21st season of top-tier Italian football

The 1921–22 Prima Categoria was the equal twenty-first edition of the Italian Football Championship and the fifteenth since the re-brand to Prima Categoria. In a highly political season of Italian football, to rival the Federazione Italiana Giuoco Calcio (FIGC) organised Prima Categoria, Italy's richest clubs organised the 1921–22 Prima Divisione. The rivalry lasted only this one season. Afterwards, the FIGC recognised the Prima Divisione format as the official championship from 1922 onwards. Hence, 1921–22 was the last season in which the Prima Categoria winners were awarded Italian Football Champions. The winners of each of the 1921–22 Prima Categoria and Prima Divisione are both officially recognised as Italian Champions that season. The 1921–22 Prima Categoria is the only Italian Football Championship won to date by Novese.

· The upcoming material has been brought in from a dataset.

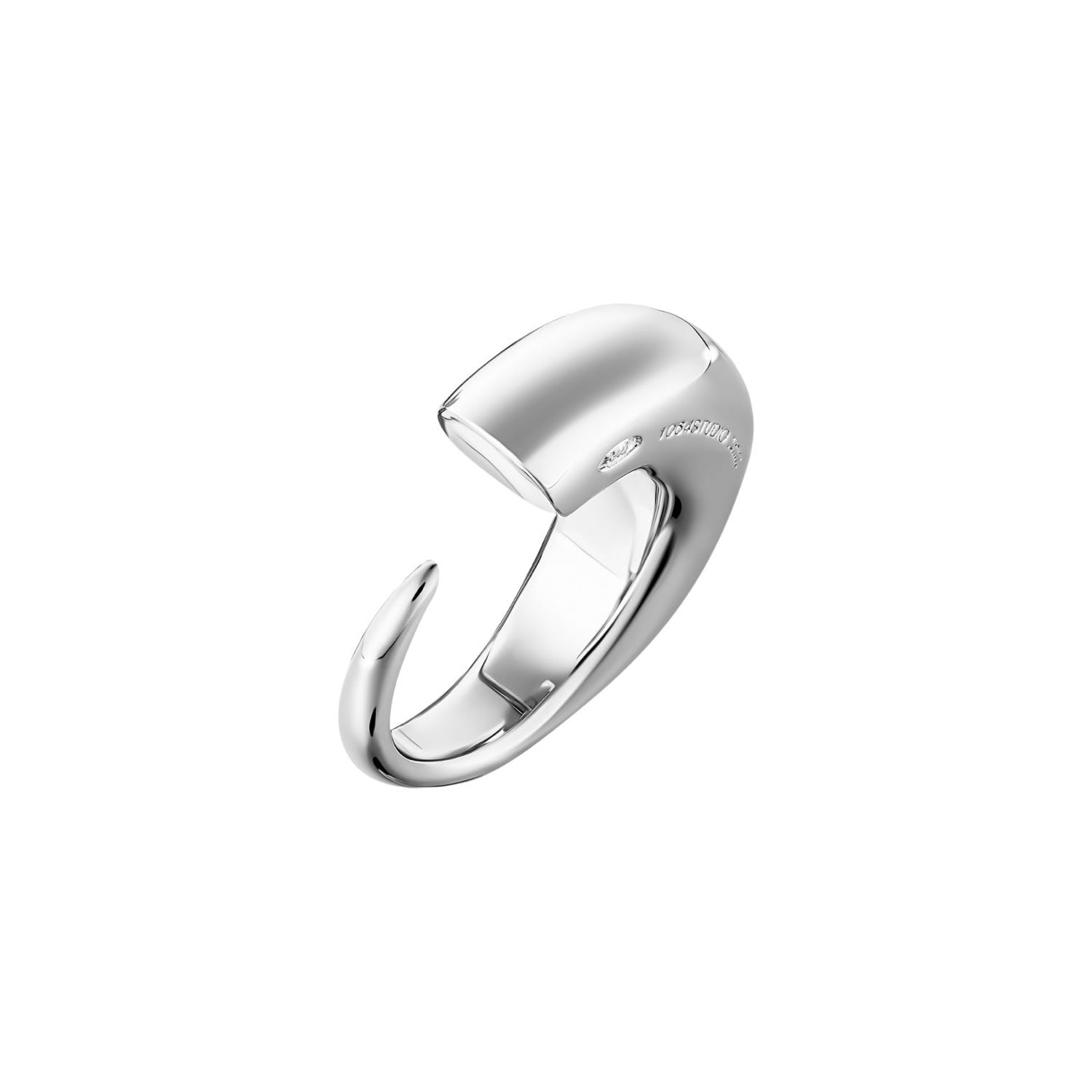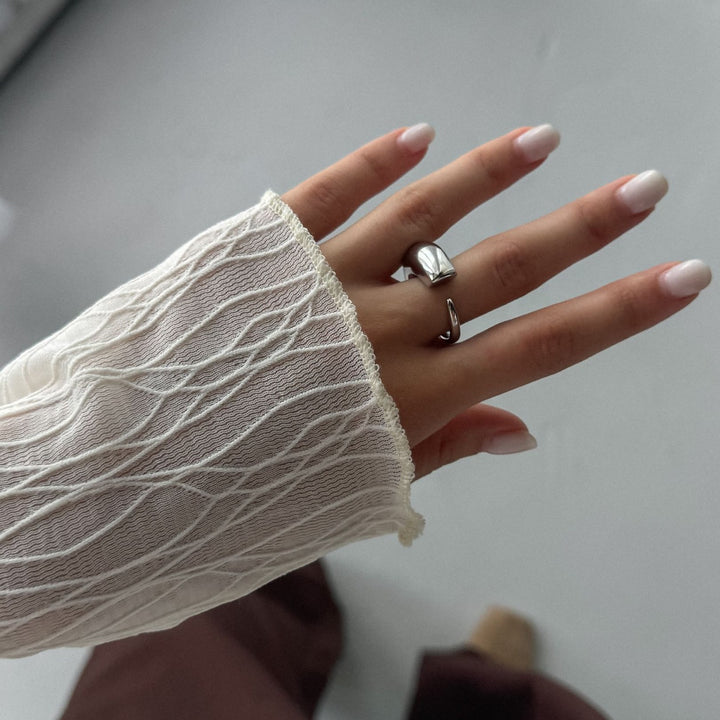 The Ten Sixty Four Studios Silver Horn Ring by Tami&Tami is a bold statement piece. Its polished finish and curved shape mimic the natural form of a horn, embodying boldness and elegance. This stacking ring provides a comfortable weight and is ideal for adding a touch of luxury to your everyday style.

==Formation of Prima Divisione and downfall of Prima Categoria==
During the summer of 1921, Italy's most powerful clubs asked the Federazione Italiana Giuoco Calcio (FIGC) to reduce the number of clubs in Prima Categoria. Vittorio Pozzo developed a plan to accommodate the request. However, smaller clubs fearing they would disappear if such a reduction was passed, voted against Pozzo's plan and causing the plan to be rejected. That led to the creation of a rival new Italian football federation, the Confederazione Calcistica Italiana (CCI). The CCI organised the 1921–22 Prima Divisione that ran concurrent to the FIGC championship.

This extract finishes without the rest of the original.